▶ _TASK_
Find "นายมนัส เจียรวนนท์ (ซ้าย)" and "Surging Sparks Pokemon" in the records below. Copy the lines holding them and every line between, exactly, and no others.
ENTRIES SUPPLIED START
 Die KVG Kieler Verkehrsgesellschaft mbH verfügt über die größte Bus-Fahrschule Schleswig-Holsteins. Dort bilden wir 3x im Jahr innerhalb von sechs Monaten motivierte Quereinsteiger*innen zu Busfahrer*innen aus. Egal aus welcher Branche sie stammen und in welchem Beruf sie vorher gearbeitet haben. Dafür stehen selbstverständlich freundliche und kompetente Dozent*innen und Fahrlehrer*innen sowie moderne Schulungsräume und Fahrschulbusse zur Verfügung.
ENTRIES SUPPLIED END
ENTRIES SUPPLIED START
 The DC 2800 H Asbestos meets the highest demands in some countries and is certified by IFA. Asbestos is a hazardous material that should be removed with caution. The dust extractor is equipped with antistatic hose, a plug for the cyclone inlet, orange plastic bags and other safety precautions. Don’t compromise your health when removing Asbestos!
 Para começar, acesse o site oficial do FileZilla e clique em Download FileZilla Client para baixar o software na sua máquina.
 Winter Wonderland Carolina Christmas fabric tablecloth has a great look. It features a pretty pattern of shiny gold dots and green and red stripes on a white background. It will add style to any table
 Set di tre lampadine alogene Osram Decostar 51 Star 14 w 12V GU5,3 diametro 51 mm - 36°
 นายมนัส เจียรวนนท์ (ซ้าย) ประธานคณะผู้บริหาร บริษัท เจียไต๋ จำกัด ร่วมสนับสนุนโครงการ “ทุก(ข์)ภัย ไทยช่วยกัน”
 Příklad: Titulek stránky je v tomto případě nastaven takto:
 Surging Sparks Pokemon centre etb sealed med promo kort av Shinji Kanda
ENTRIES SUPPLIED END
ENTRIES SUPPLIED START
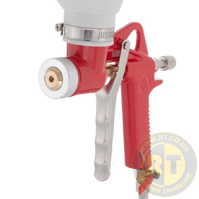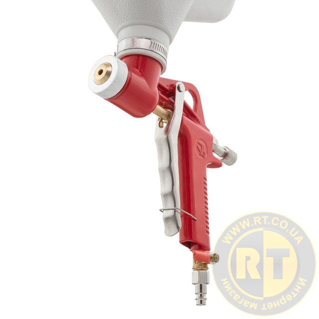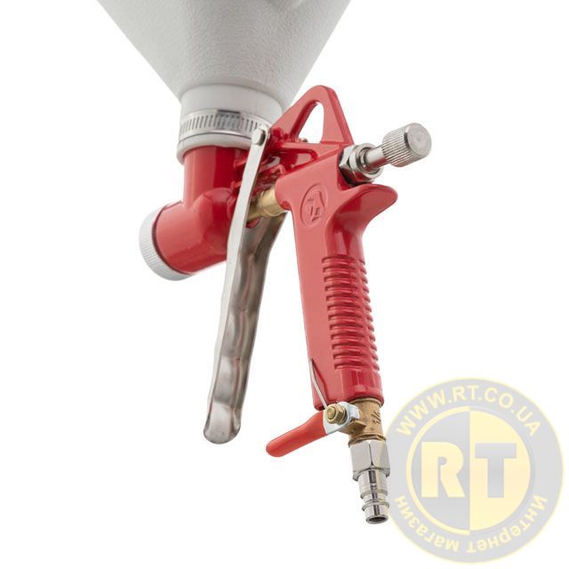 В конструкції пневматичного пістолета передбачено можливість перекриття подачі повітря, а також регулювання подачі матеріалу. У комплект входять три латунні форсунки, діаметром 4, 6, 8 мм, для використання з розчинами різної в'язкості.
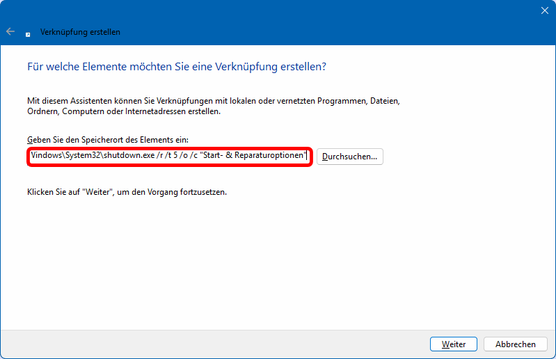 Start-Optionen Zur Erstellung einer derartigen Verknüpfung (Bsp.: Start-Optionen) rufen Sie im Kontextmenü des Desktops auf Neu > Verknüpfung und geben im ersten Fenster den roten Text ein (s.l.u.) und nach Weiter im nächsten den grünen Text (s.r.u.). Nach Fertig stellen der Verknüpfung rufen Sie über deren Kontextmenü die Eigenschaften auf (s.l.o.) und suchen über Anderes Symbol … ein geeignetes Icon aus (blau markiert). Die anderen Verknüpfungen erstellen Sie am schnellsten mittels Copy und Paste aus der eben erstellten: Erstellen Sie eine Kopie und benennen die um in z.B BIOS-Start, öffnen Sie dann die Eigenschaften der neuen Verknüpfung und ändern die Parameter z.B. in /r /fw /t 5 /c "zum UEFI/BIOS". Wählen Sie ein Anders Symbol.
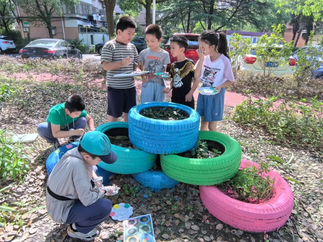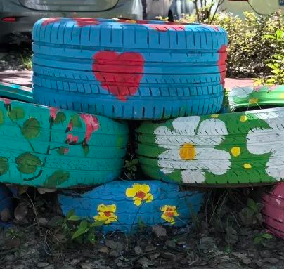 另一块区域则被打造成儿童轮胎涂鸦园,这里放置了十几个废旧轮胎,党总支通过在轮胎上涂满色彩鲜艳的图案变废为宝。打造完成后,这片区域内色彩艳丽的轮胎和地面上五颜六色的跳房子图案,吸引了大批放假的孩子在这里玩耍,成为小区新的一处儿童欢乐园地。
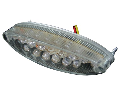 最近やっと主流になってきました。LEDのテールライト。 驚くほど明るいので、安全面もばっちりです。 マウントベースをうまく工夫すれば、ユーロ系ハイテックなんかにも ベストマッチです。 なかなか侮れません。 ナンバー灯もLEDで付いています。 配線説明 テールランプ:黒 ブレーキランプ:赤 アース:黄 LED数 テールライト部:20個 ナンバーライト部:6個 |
ENTRIES SUPPLIED END
▶ _TASK RESPONSE_
 นายมนัส เจียรวนนท์ (ซ้าย) ประธานคณะผู้บริหาร บริษัท เจียไต๋ จำกัด ร่วมสนับสนุนโครงการ “ทุก(ข์)ภัย ไทยช่วยกัน”
 Příklad: Titulek stránky je v tomto případě nastaven takto:
 Surging Sparks Pokemon centre etb sealed med promo kort av Shinji Kanda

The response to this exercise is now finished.